Параграф 2.1. «Трансформация игры в дискурсе постмодерна» посвящен анализу изменений, которые претерпел концепт игры от основоположника игровой концепции культуры Й. Хейзинга до современного представления об игре как базовой культурной форме постмодерна. Хейзинга осмысливает понятие игры как форму происхождения культуры, как движущую силу развития культуры, как способ деятельности и как социальную функцию. В своем сегодня ставшем классическом труде «Homo Ludens» (1937) ученый так формулирует основные черты игровой деятельности:

- игра есть свободная деятельность;

- игра практически бесполезна и «лежит за пределами непосредственного удовлетворения нужд и страстей»;

- изолированность игры. Игра начинается и в определенный момент заканчивается;

- игра обеспечивает порядок;

- игра продуцирует замкнутые сообщества посвященных, которые «предпочитающие окружать себя тайной, либо подчеркивающие свое отличие от прочего мира всевозможной маскировкой» [Хейзинга И. Homo Ludens. В тени завтрашнего дня. -М., 1992, с. 17 - 24].

Обращаясь к культуре постмодерна, мы обнаруживаем, что, на первый взгляд, в постмодернизме разыгрывается карнавал культурных языков со всеми присущими карнавалу особенностями. И расхождения постмодернистской игры с классическими характеристиками игры, обозначенными у Хейзинга, отражают именно специфику карнавальной игры. И, прежде всего, следует отметить универсальность карнавальной игры, неоднократно подчеркиваемую М. Бахтиным. В контексте постмодернистской поэтики эта универсальность преобразуется в невозможность изолировать игру, выделив «серьезное» измерение, хотя в «историческом» карнавале смех необходим для обновления серьезных, сакральных категорий. Незавершенность игрового акта в постмодернистском тексте скорее внешнего свойства, ибо текст все-таки завершен, и, с точки зрения читателя, он имеет и зачин, и финал. Даже в вызывающем беспорядке есть, разумеется, своя система, коль скоро беспорядок создается кем-то (автором, разумеется) по определенному плану. Наконец, хёйзинговский пункт о том, что игра создает замкнутое сообщество, нуждается, по-видимому, лишь в некотором уточнении, так как «общественной группировкой», способной полноценно участвовать в специфических литературных играх постмодернистского текста, становятся «квалифицированные» читатели, читатели-сообщники, о которых писал У. Эко.

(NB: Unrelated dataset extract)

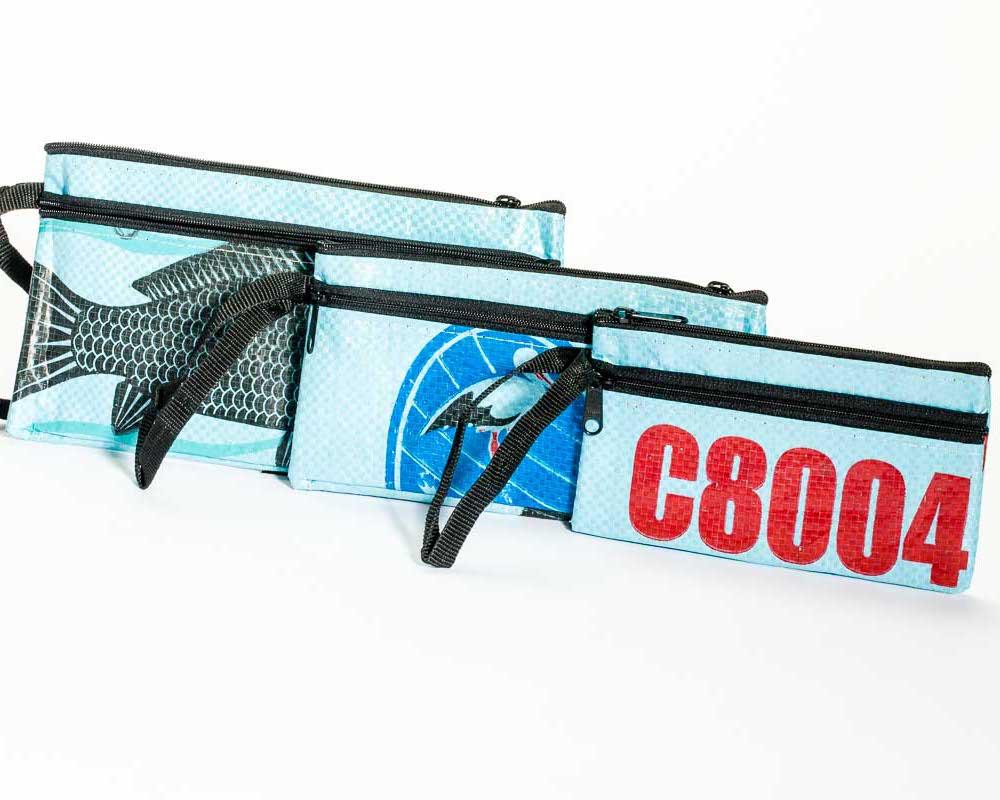 Nesting Upcycled Zip Pouch Cosmetic Bag Set, Sustainable, Saves Landfill Space

Радикальным отличием бахтинского карнавала от постмодернистской игры является тот факт, что во втором случае игра ведется на уровне изощренного эрудитства, а место карнавальной спонтанности занимает основательный расчет. Представляется, что понятие «игровая поэтика» в основном эквивалентно понятию «поэтика метапрозы» и точнее часто используемого понятия «поэтика постмодернизма». Главное же свойство игровой поэтики - нацеленность текста на игровые взаимоотношении с читателем. Игра в постмодерне обладает как собственной ценностью в качестве онтологической характеристики человеческой культуры в целом, так и является специфическим способом (технологией) деятельности. В данном случае игра претендует на роль культурной формы, включающей все остальные, а значит являющейся тотальной. Невозможно представить постмодернистскую игру без пародии, иронии, пастиша, случайности, интертекстуальности.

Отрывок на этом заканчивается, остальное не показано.